Unger observa que muitos fatores impulsionam as disparidades, desde a falta de acesso a bons cuidados médicos a um risco aumentado de tabagismo, obesidade e outros fatores que podem levar a problemas de saúde. “Dois estudos anteriores usando dados do Censo dos EUA mostraram que pacientes com câncer em situação de privação socioeconômica tinham mais de 60% de probabilidade de morrer em comparação com pacientes mais ricos. Os resultados mostrando uma diferença de 28% sugerem que o tipo de tratamento de câncer baseado em diretrizes que os pacientes recebem em um ensaio clínico pode eliminar cerca de metade dos efeitos negativos da pobreza. O que é surpreendente e desanimador é saber que, embora todos os pacientes se beneficiem dos ensaios, os pacientes mais pobres têm muito mais probabilidade de morrer de câncer. A disparidade persiste”, avalia.

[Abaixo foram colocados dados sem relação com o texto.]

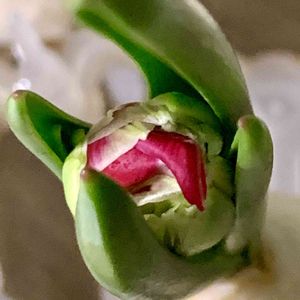 それはおっさんもズキュンとなる美しさ😍 咲いてきた( ´ ▽ ` ) 蕾がプクプク大きくなる姿は可愛かったけれども、花が咲くと一転❗️それは優雅な姿に😊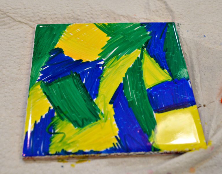 Spidol Sharpie, alkohol 90%, 4.25 x 4.25 inch keramik, kuas kecil, acrylic coating.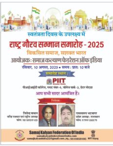जयपुर/पाली । राष्ट्रीय स्वेच्छिक ‘संगठन समाज कल्याण फेडेरशन ऑफ इंडिया’ देश की प्रतिभाओं को लगातार सम्मानित कर उनके भीतर सकारात्मक प्रेरणा जगाने का उत्कृष्ट प्रयास कर रहा है। इसी कड़ी में रविवार, 10 अगस्त को 7वां राष्ट्र गौरव सम्मान समारोह आयोजित किया जा रहा है, जिसमें 9 राज्यों की 70 हस्तियों को उनके संबंधित क्षेत्र में उत्कृष्ट कार्य के आधार पर सम्मानित किया जाएगा।

“Esses achados sugerem que o acesso inicial ao tratamento de qualidade para o câncer, representado aqui pelo tratamento em um ensaio clínico, é insuficiente para eliminar os resultados díspares relacionados à privação socioeconômica. As políticas para mitigar as diferenças socioeconômicas nos resultados do câncer devem enfatizar o acesso aos serviços de tratamento do câncer além da terapia inicial, com uma abordagem mais agressiva para prevenção e promoção da saúde dirigida à população de baixa renda” concluem os autores.

O estudo foi financiado pelo NIH por meio de concessões do NCI CA189974, CA180888 e CA180819; e apoiado em parte pela The Hope Foundation for Cancer Research.

Referência: Persistent Disparity: Socioeconomic Deprivation and Cancer Outcomes in Patients Treated in Clinical Trials – Joseph Unger et al - DOI: 10.1200/JCO.20.02602 Journal of Clinical Oncology - Published online March 17, 2021.